The graduate premium
HESA have issued a report that says that “Research shows decline in ‘graduate premium’ less pronounced for 1st and 2:1 degrees”.
From the HESA website;
- Researchers from HESA and the Department of Economics at Warwick University compared the pay of graduates with non-graduates. Given the growth in the proportion of graduates with a first or upper second class award, they looked for changes in the returns to a first or upper second class degree compared with lower grades. They found graduates born in 1970 who had a first or upper second class degree earned 20% more than non-graduates at age 26, compared to a graduate premium of 14% for those with a lower second class degree or below.
- The researchers had previously found that the graduate premium has reduced over time. The same comparison for people born in 1990 found that graduates with a first or 2:1 earned 14% more than non-graduates at age 26, while the return to a 2:2 or lower class degree was only 3%.
- The study found that the overall reduction in the return to a degree was largely explained by stronger pay growth in non-professional occupations than in professional jobs.
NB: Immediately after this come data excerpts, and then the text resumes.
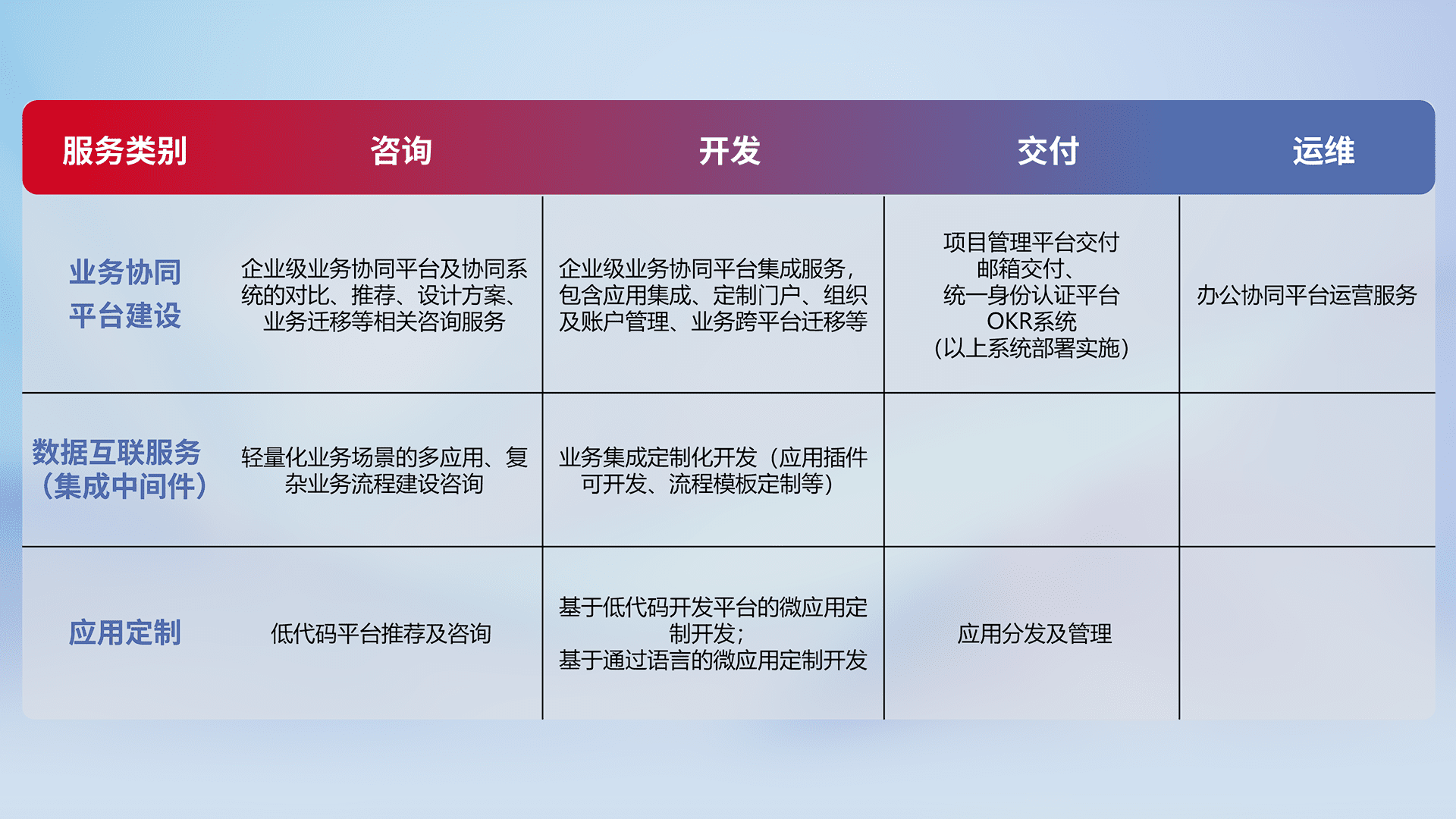 针对钉钉、、、、企微、、、、IDaas等平台级产品提供产品的规划、、、、方案、、、交付、、定制化开发等服务,,,,实现如统一协同办公、、、智能客户服务、、、、混合会议管理、、智能数据查询、、、等业务场景,,,,实现数字化转型。。。。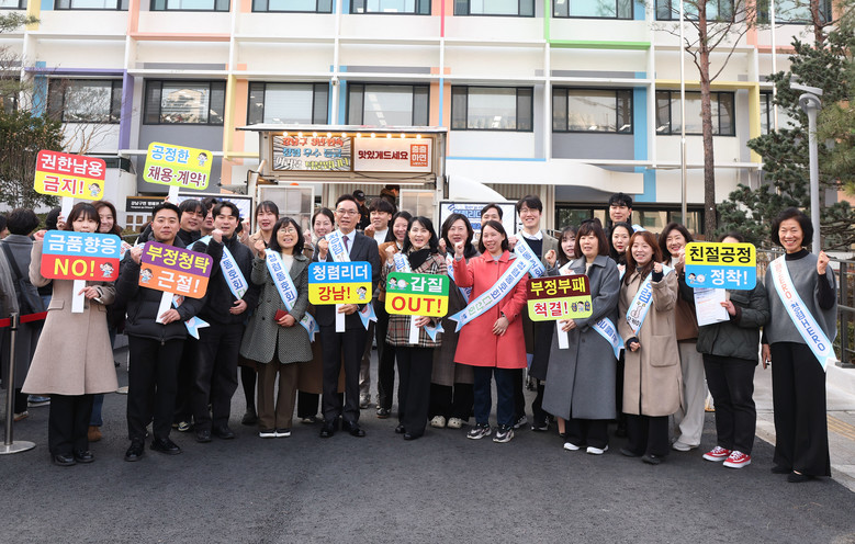 [강남구 세계타임즈=이장성 기자] 꿈이 모이는 도시, 미래를 그리는 강남구(구청장 조성명)가 3월 11일 구청에서 ‘여러분 덕분입니다’ 청렴캠페인을 진행했다. 2025년 공공기관 종합청렴도 평가에서 3년 연속 청렴 우수등급을 달성한 것을 기념하고, 반부패·청렴 실천 의지를 다시 다지기 위해 마련한 행사다.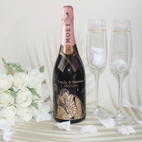 定制moet單支雙杯套裝|人像雕刻 客製化禮物 定制禮物 紀念禮物 DY01-329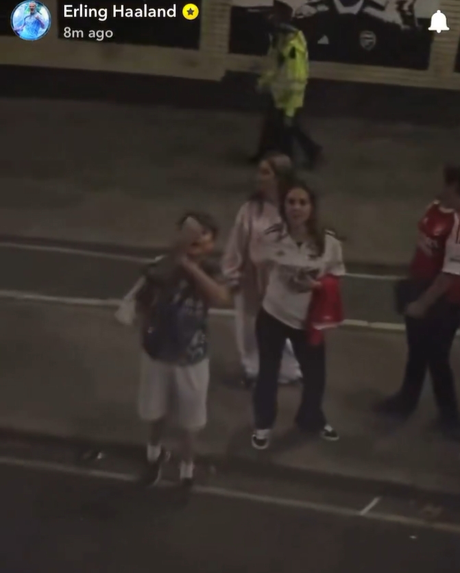 赛后,哈兰德在个东说念主社媒snapchat晒出被阿森纳球迷辱骂的视频,看着车外的球迷辱骂作念出瞻念手势时,正在录视频的哈兰德看笑了。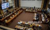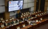 Suasana uji kelayakan dan kepatutan calon Panglima TNI yang diikuti olehKepala Staf TNI Angkatan Laut (KSAL) Laksamana Yudo Margono di Kompleks Parlemen, Senayan, Jakarta, Jumat (2/12/2022). KSAL Yudo Margono menjadi calon tunggal panglima TNI menggantikan Jenderal Andika Perkasa yang akan memasuki masa pensiun pada 21 Desember 2022. Pada kesempatan tersebut, Yudo memaparkan empat program prioritas mewujudkan visi TNI yang patriot. Republika/Putra M. Akbar (FOTO : Republika/Putra M. Akbar)
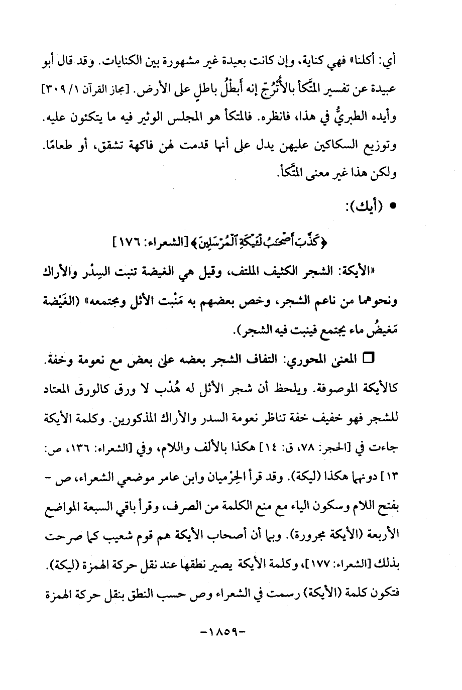 Qالتفاف الشجر بعضه على بعض مع نعومة وخفة. كالأيكة الموصوفة. ويلحظ أن شجر الأثل له هُدْب لا ورق كالورق المعتاد للشجر فهو خفيف خفة تناظر نعومة السدر والأراك المذكورين. وكلمة الأيكة جاءت في [الحجر: 78، ق: 14] هكذا بالألف واللام، وفي [الشعراء: 136، ص: 13] دونهما هكذا (ليكة). وقد قرأ الحِرْميان وابن عامر موضعي الشعراء، ص - بفتح اللام وسكون الياء مع منع الكلمة من الصرف، وقرأ باقي السبعة المواضع الأربعة (الأيكة مجرورة). وبما أن أصحاب الأيكة هم قوم شعيب كما صرحت بذلك [الشعراء: 177]، وكلمة الأيكة يصير نطقها عند نقل حركة الهمزة (ليكة). فتكون كلمة (الأيكة) رسمت في الشعراء وص حسب النطق بنقل حركة الهمزة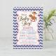Moderna invitación occidental audaz y brillante a la ducha de bebé de vaquero con un lindo vaquero en un mecedor caballo usando pañal rojo y gorras y botas de vaquero marrón. Nuestro programa es una invitación al béisbol para niños se coloca sobre un fondo azul de zigzag chevron y tiene una respuesta para un toque especial extra. Perfecto para una ducha de bebé occidental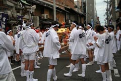 神輿渡御・区内巡行を終え、白山神社前にて神輿を囲む担ぎ手と区内の人々。 平安末期1177年(治承元年)加賀白山社から都に神輿振り(神輿を奉じての強訴)にやってきて、叶わぬままに打ち捨てられた3基の神輿のうちの1基をお祀りしたことが、この白山神社の起りとなっています。 毎年9月19日(例祭)に近い土・日曜に白山神社秋の大祭を執り行ない、年に一度の神輿渡御 区内巡行をします。 |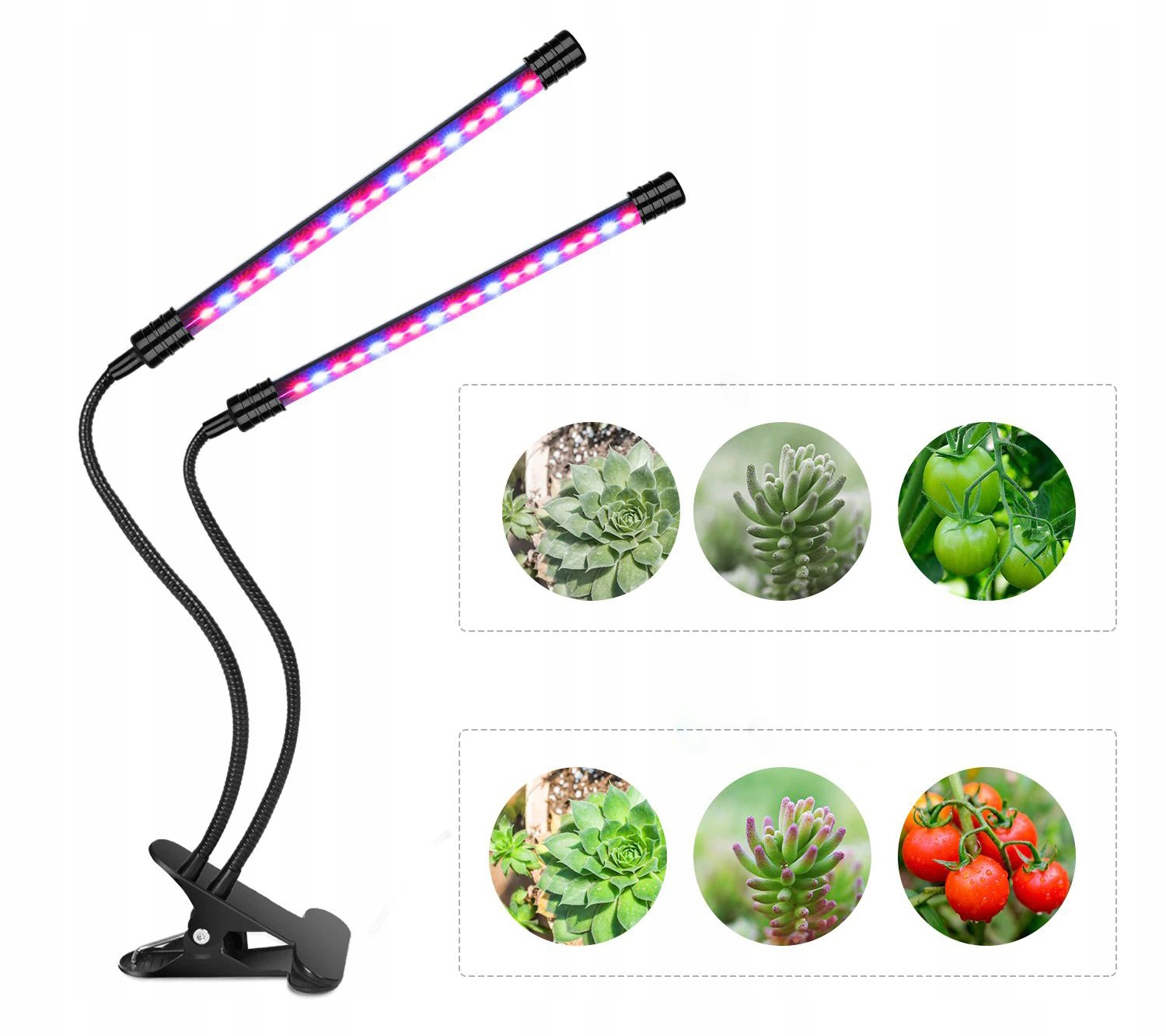 Специализированный светильник для поддержки роста и размножения растений. Оснащенный лентой со светодиодами двух цветов: красного и синего, общей мощностью 20 Вт, он излучает 3 типа световых волн (красный, синий, фиолетовый) разной длины для поддержки двух ключевых процессов в селекции растений: фотосинтеза. и фотопериодизм. Работа лампы способствует правильному питанию растений и контролю соответствующих биологических часов.

They suggest that the accompanying increase in the gap between the returns to higher and lower degree classifications, from 6 percentage points to 11 percentage points, may relate to workplace recruitment focussing on graduates with at least an upper second class degree.
- The research also compared the returns to a first with the returns to a 2:1, and the returns to a 2:1 compared to a 2:2. The tentative results, based on a small number of first-class degree holders born in 1970, found that the relative benefit of having a first over having a 2:1 has decreased by up to 3 percentage points. The study’s authors note that this may be due the long-term trend of more graduates being awarded a first class degree. Meanwhile the relative benefit of a 2:1 over a 2:2 has increased by up to 8 percentage points.